Exercise aim: Skip any image you find and restate the rest of the data word for word.

Data provided:
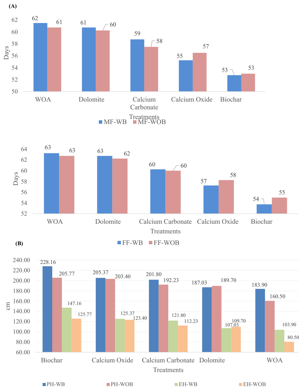
Fig. 2. Effect of the interactions of amendment use with (WB) and without (WOB) B. subtilis application on the variables (A) days to male flowering (MF) and female flowering (FF), and (B) plant height (PH) and ear height (EH). WOA means without amendments. Means with different lowercase letters indicate significant statistical differences, as determined by Tukey's test at a 0.05 significance level.

green forage yield (GFY) and dry matter yield (DMY) show more moderate correlations, indicating a less direct interaction between these variables and growth characteristics.
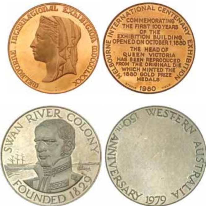
Lot 724 part
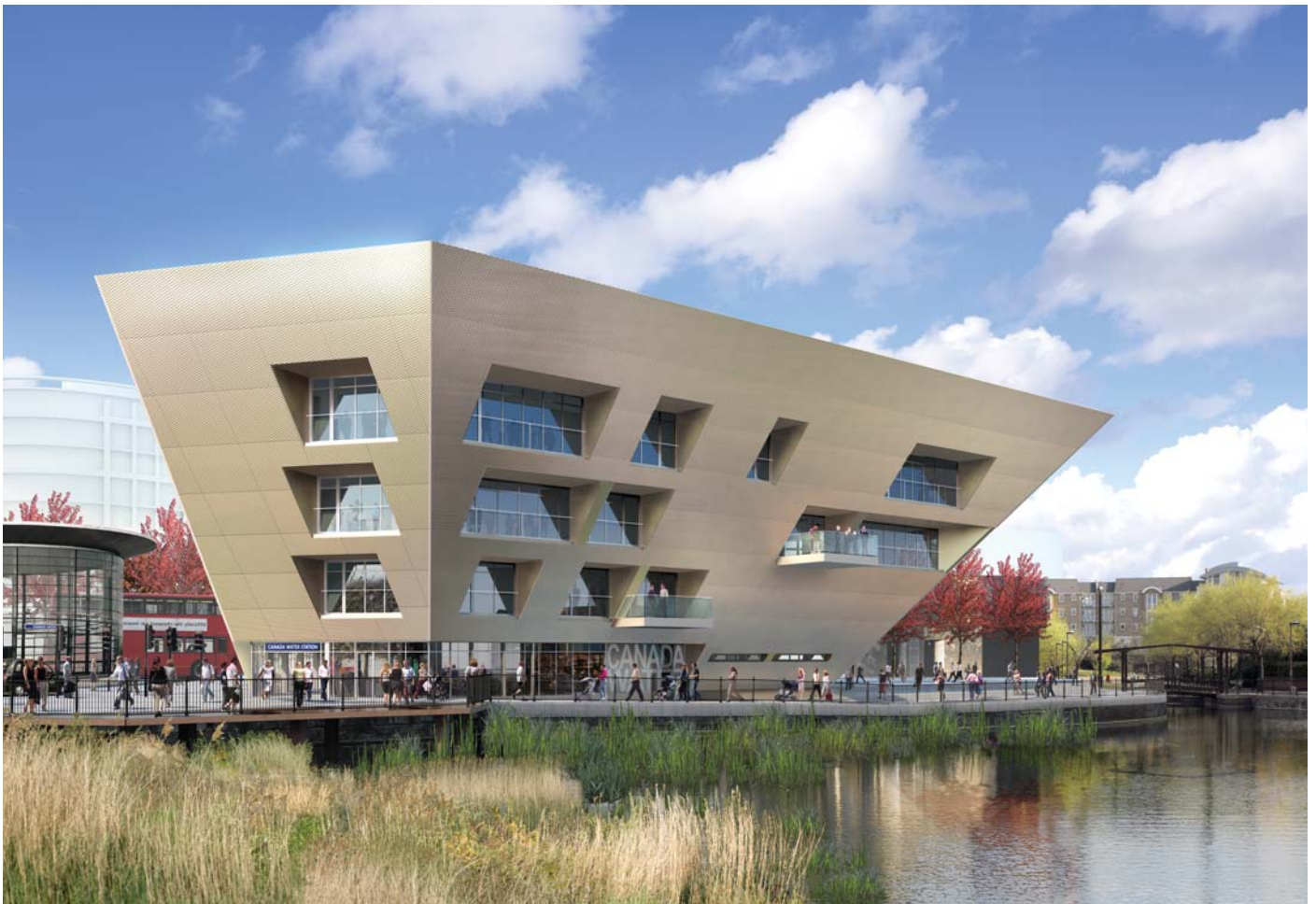
Overlooking Canada Water Basin

Your response:
Fig. 2. Effect of the interactions of amendment use with (WB) and without (WOB) B. subtilis application on the variables (A) days to male flowering (MF) and female flowering (FF), and (B) plant height (PH) and ear height (EH). WOA means without amendments. Means with different lowercase letters indicate significant statistical differences, as determined by Tukey's test at a 0.05 significance level.

green forage yield (GFY) and dry matter yield (DMY) show more moderate correlations, indicating a less direct interaction between these variables and growth characteristics.
Lot 724 part
Overlooking Canada Water Basin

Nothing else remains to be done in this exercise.